• **Your objective**
Below are records that hold pictures; write out only the lines from their start through the line with "The CLIMATE playmat", exactly, and drop the pictures.

• **Records for processing**
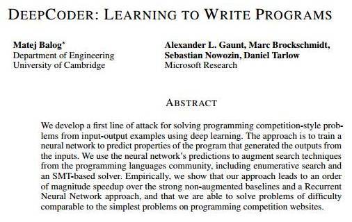 微软和剑桥大学的研究员近日发布了一篇论文,文中阐述了其科研成果——一个会编程的机器学习系统。该系统叫DeepCoder,能够解决编程比赛所涉及到的基础编程题目,为不会编程的人提供了制作简易程序的可能。
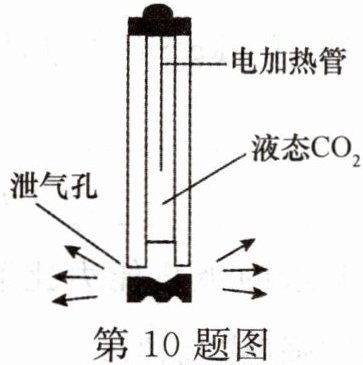 10. (2024·山西)二氧化碳(CO₂)爆破技术是现代工程建设中非常环保的技术,起爆前高压泵将CO₂压缩成高压气体,液化后输入爆破筒内。如图所示,爆破时电加热管发热。使筒内的液态CO₂迅速汽化,形成的高压气体从泄气孔中喷出,实施爆破。下列说法正确的是(
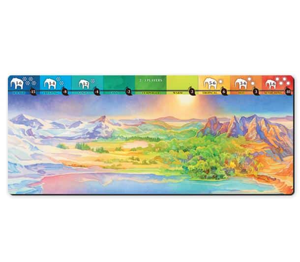 The CLIMATE playmat is a double sided neoprene mat made to replace the CLIMATE board. One side is for 2-3 players, while the other is for 4-6. The mat is approximately 31 x 8.75
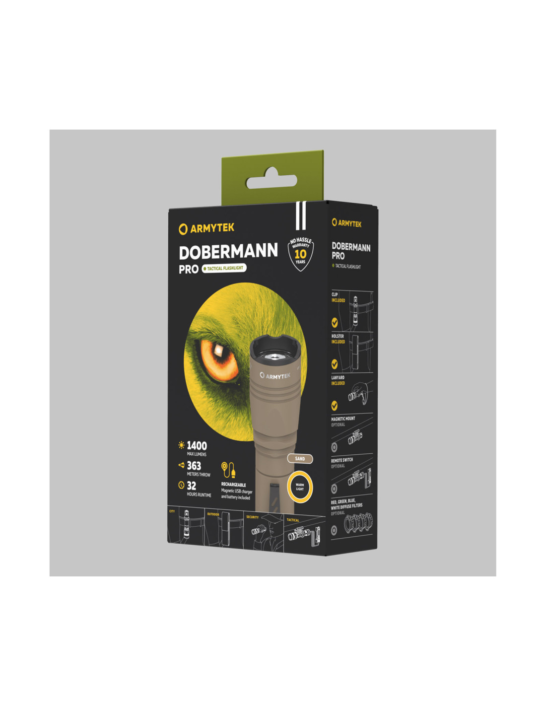 The Dobermann Pro Magnet USB Sand Warm is a 2-in-1 tactical and everyday flashlight offering high performance and outstanding durability. Delivering up to 1400 lumens with a focused beam and smooth spill, it reaches distances up to 363 meters, perfect for medium-range tasks.
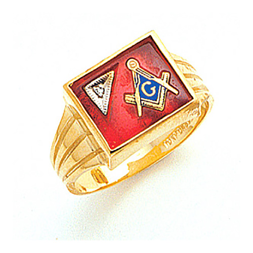This 14k yellow gold diamond masonic ring features your choice of red, blue or onyx rectangular stone. 1 x .05 PT round full-cut diamond accent in triangular bezel. Solid back ring has a masonic square and compasses symbol.Tapered and grooved shank. Also available in white gold by special order. Made in USA.
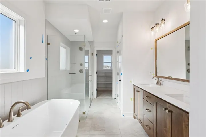 Upstairs, you’ll find four spacious bedrooms, including a luxurious primary suite with a large soaking tub and separate shower. The laundry room is conveniently located near all bedrooms for easy access.\r\n
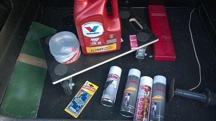 Tänää tuli käytyä Motonetist ostamas öljyt, suodatin, pohjamaalia, ruosteenestomaalia, pakkelia ja alustamassaa. Aloittelin töitäkin aloittamalla kuskinpuoleisen takoven hiomisen ja maalaamisen. Vaihdoin myös öljyt. :P
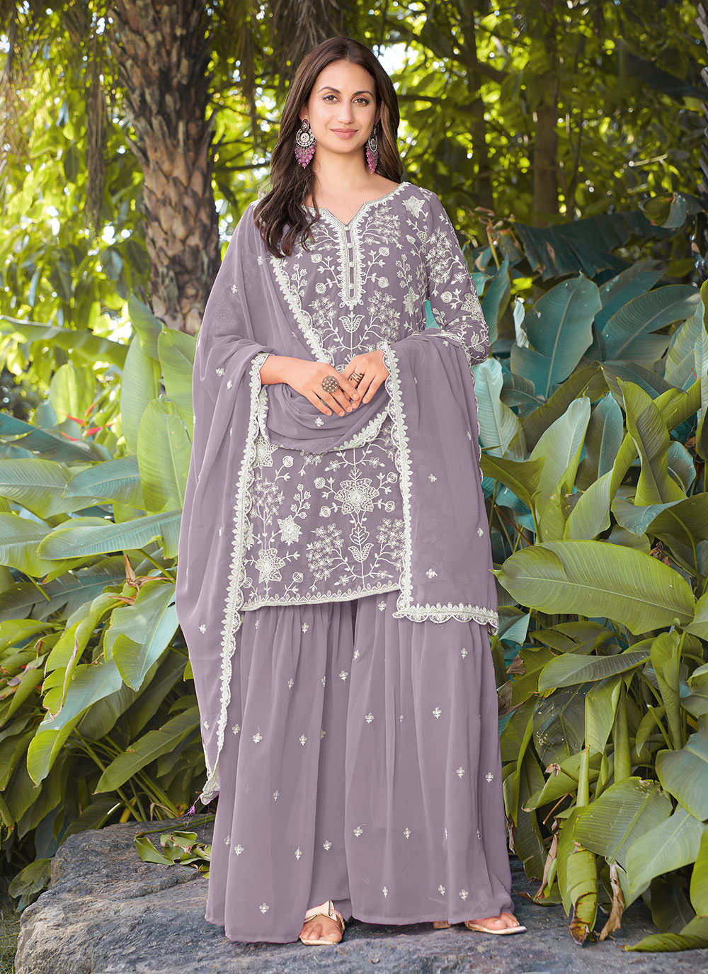 Garb These Beautiful Party Wear Looking Readymade Sharara Suits.These Top And Bottom Are Georgette And Georgette Dupatta Fabricated.Its Beautified With Disigner Embroidery,Beads Work.
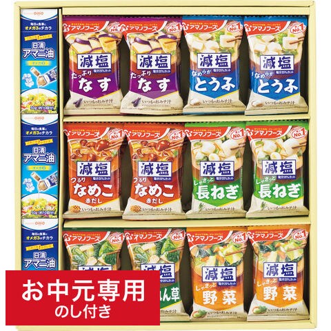 お中元 油 送料無料 日清オイリオ×アマノフーズ アマニ油とおみそ汁のここから始まる健康習慣ギフト MCNA-50A / LTDU オイルギフト 油セット 調味料セット 調味料ギフト 2025 夏ギフト 御中元専用 贈答品 贈り物 詰合せ 詰め合わせ JGS
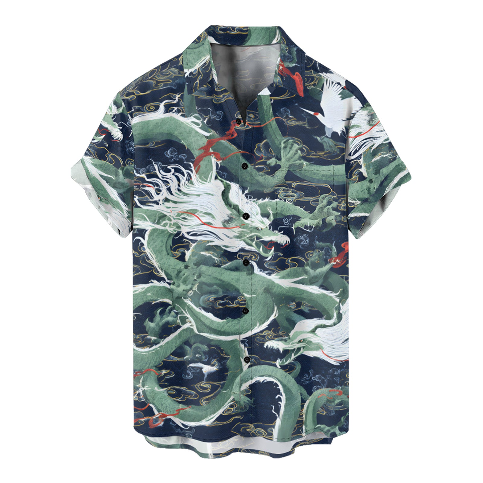 Green Oriental Dragon Men's Shirt Long Sleeve Button Up Shirt
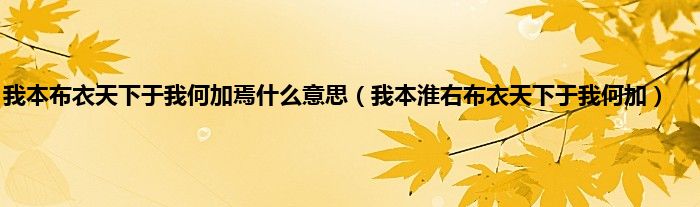 以上就是【我本布衣天下于我何加焉什么意思,我本淮右布衣天下于我何加】相关内容。

• **Your response**
 微软和剑桥大学的研究员近日发布了一篇论文,文中阐述了其科研成果——一个会编程的机器学习系统。该系统叫DeepCoder,能够解决编程比赛所涉及到的基础编程题目,为不会编程的人提供了制作简易程序的可能。
 10. (2024·山西)二氧化碳(CO₂)爆破技术是现代工程建设中非常环保的技术,起爆前高压泵将CO₂压缩成高压气体,液化后输入爆破筒内。如图所示,爆破时电加热管发热。使筒内的液态CO₂迅速汽化,形成的高压气体从泄气孔中喷出,实施爆破。下列说法正确的是(
 The CLIMATE playmat is a double sided neoprene mat made to replace the CLIMATE board. One side is for 2-3 players, while the other is for 4-6. The mat is approximately 31 x 8.75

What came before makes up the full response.